Regex
Regular expressions (regex) let you search, validate, and transform text using a compact pattern syntax. You write a pattern, and the regex engine matches it against a string to find specific characters, words, or structures.
Practice tools:
How regex patterns work
Wrap your pattern in forward slashes. Everything between them is the pattern:
/cat/g
The g after the closing slash is a flag. Flags control how the match runs. The next section covers them in detail.
Expression flags
A flag follows the closing slash and controls how the pattern applies. By default, regex returns only the first match it finds. Use g most often:
| Flag | Name | Description |
|---|---|---|
g | Global | Returns all matches, not just the first |
i | Case insensitive | Matches uppercase and lowercase |
m | Multiline | Treats each line as a separate string |
s | Single line | Makes . match newline characters |
u | Unicode | Enables full Unicode character matching |
y | Sticky | Matches only at the current position |
Character sets
A character set matches any one character from a defined list. Place the options inside square brackets.
[bcf]at matches:
batcatfat
Ranges
A range matches any single character within a span. [a-z]at matches any word that begins with a lowercase letter and ends with at:
| Range type | Example |
|---|---|
| Partial | [a-f] or [g-p] |
| Uppercase | [A-Z] |
| Digit | [0-9] |
| Symbol | [#$%&@] |
| Mixed | [a-zA-Z0-9] |
Repeating characters
Control how many times a character or set repeats using {n} syntax:
| Expression | Description |
|---|---|
a{5} | aaaaa |
[a-z]{4} | Any four-letter lowercase word |
[a-z]{6,} | Any lowercase word with 6 or more letters |
[a-z]{8,11} | Any lowercase word with between 8 and 11 letters |
[0-9]{11} | Any 11-digit number |
Metacharacters
Metacharacters are shorthand for common character classes:
| Expression | Description |
|---|---|
\d | Any digit, equivalent to [0-9] |
\w | Any word character (letter, digit, or underscore) |
\W | Any non-word character |
\s | Any whitespace character |
\S | Any non-whitespace character |
\t | A tab character |
Combine metacharacters with repeating character syntax:
\w{5}matches any five-character word or number sequence\d{11}matches any 11-digit number
Special characters
Special characters extend what a pattern can match:
| Character | Description | Example |
|---|---|---|
+ | One or more of the preceding token | c+at matches cat and ccccat |
? | Zero or one of the preceding token | c?at matches cat and at |
* | Zero or more of the preceding token | c*at matches at, cat, and cccat |
\ | Escapes the next character | \. matches a literal period; \d* matches the literal string d* |
[^] | Negation: matches any character not listed after the ^ | b[^a]ld matches bold but not bald |
. | Matches any character except a newline | .{8} matches any eight-character token |
For example, .+ matches one or more of any character, and [a-z]+ matches any sequence of consecutive lowercase characters.
Groups
Parentheses group part of a pattern so you can apply a quantifier to the whole group.

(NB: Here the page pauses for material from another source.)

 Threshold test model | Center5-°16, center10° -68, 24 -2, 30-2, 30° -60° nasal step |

For example, book(ing)? matches both book and booking. The ? makes the entire group optional.
Groups also capture their match for reuse. Most regex tools number captured groups from left to right starting at $1, so you can reference them in a replacement string.
Alternate characters
Use the pipe character (|) to match either option. For example, bat|bit matches bat or bit.

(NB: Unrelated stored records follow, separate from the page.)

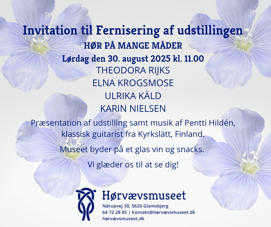 Vi indbyder alle interesserede til fernisering af udstillingen “hør på mange måder” af Theodora Rijks, Elna Krogsmose, Ulrika Käld og Karin Nielsen. Til ferniseringen spiller Pentti Hildén, klassisk guitarist fra Kyrkslätt, Finland.
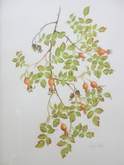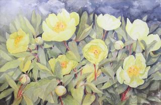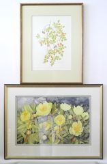 3 Watercolour: Wendy Gibbs "Rose Hips" & Joanna Hadfield "Peonies", 14 7/8" x 10 3/8" & 12 3/4
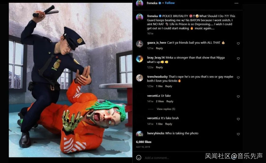 8月23日,Twitter用户公佈了一張FN Meka 在2019年6月發佈的ins頁面截圖,在照片中FN Meka被一名白人警察毆打,直指他輕視了警察的暴行,同樣引發了大量的輿論關注。
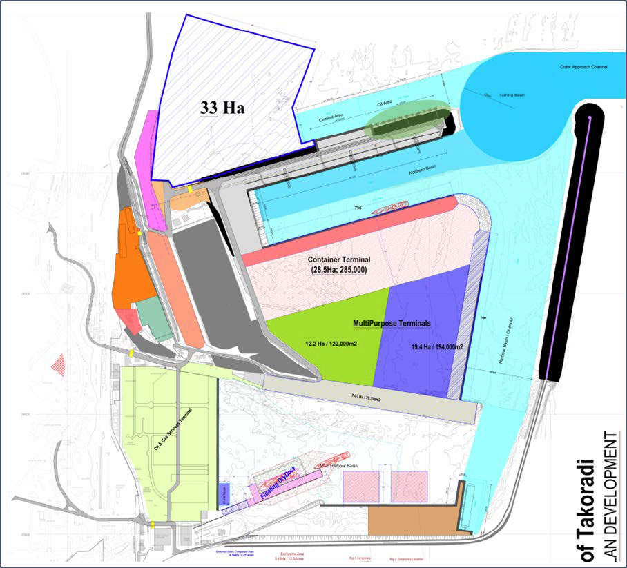The Updated Final Master Plan (dd 21/09/2015) has been established taking into account the physical conditions at the port, initial traffic projections and technical parameters. The master plan provides a phased development of the port to cater for the projected traffic up to the forecast horizon in 2035. In addition, in June 2016, a revised layout has been presented. Figure 3-1 shows this revised layout. The primary components of the master plan include:

Enclose the alternating portion in parentheses to keep the pattern compact. For example, b(a|i)t matches the same values as bat|bit.

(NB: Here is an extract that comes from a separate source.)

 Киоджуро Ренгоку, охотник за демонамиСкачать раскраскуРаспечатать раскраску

Starting and ending characters
Anchors match a position in the string, not a character. Use ^ and $ together to match an exact string with nothing before or after it. For example, ^cat$ matches only cat and does not match the cat, cats, or cat sat:
| Character | Description | Example |
|---|---|---|
^ | Matches the start of the string | ^cat matches cat in cat sat but not the cat |
$ | Matches the end of the string | cat$ matches cat in the cat but not cat sat |
Lookaheads
A lookahead matches a pattern only when it is followed (or not followed) by another pattern. The lookahead condition is not included in the match result.
A positive lookahead (?=) matches the preceding pattern only when followed by the lookahead condition. For example, the following pattern matches 100 in 100 dollars but not in 100 euros:
\d+(?= dollars)
A negative lookahead (?!) matches the preceding pattern only when it is not followed by the lookahead condition. For example, the following pattern matches 100 in 100 euros but not in 100 dollars:
\d+(?! dollars)